REQUIRED WORK
The needed output is the run of lines below from the one containing "손으로 쓰다듬어 보면, 유리가 돌빵이 생겨서 파인 흔적을 느낄 수 있습니다." through the one containing "PSG N61.P116.4UR Plaque", copied exactly and free of pictures.

INFORMATION SUPPLIED
- Opening Delimiter -

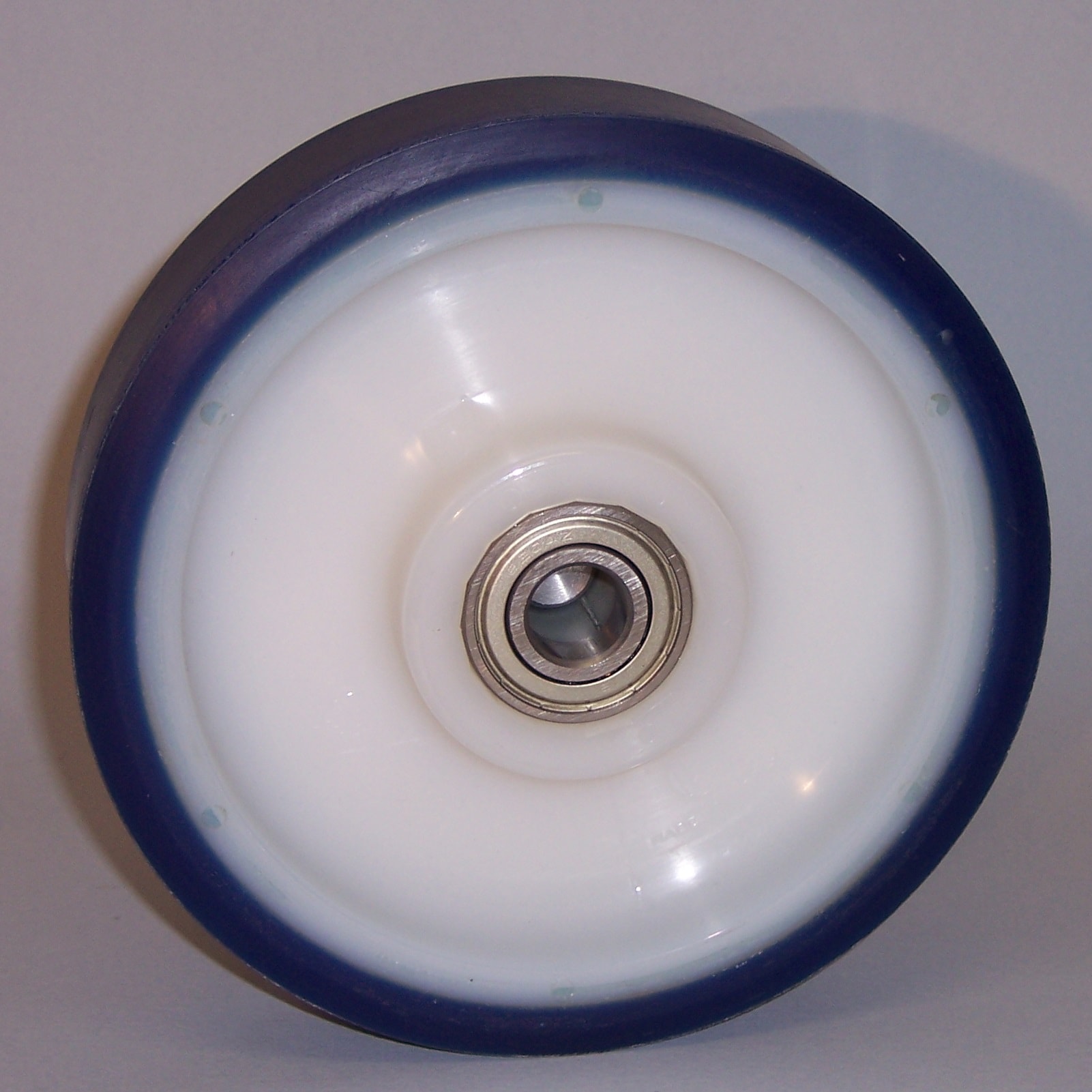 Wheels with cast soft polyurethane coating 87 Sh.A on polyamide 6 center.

- Closing Delimiter -
- Opening Delimiter -

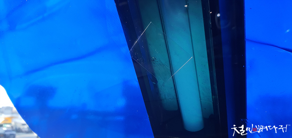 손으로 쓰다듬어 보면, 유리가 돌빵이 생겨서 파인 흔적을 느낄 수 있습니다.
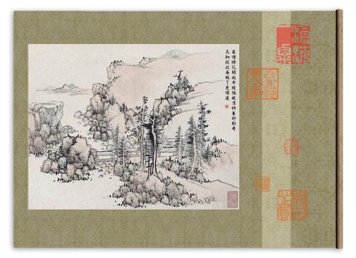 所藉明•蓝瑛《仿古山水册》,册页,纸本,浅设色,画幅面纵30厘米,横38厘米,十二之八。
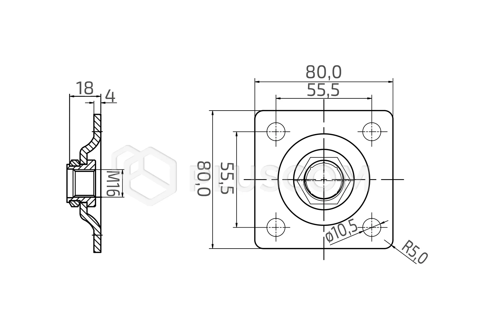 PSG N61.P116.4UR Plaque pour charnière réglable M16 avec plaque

- Closing Delimiter -

YOUR RESPONSE
 손으로 쓰다듬어 보면, 유리가 돌빵이 생겨서 파인 흔적을 느낄 수 있습니다.
 所藉明•蓝瑛《仿古山水册》,册页,纸本,浅设色,画幅面纵30厘米,横38厘米,十二之八。
 PSG N61.P116.4UR Plaque pour charnière réglable M16 avec plaque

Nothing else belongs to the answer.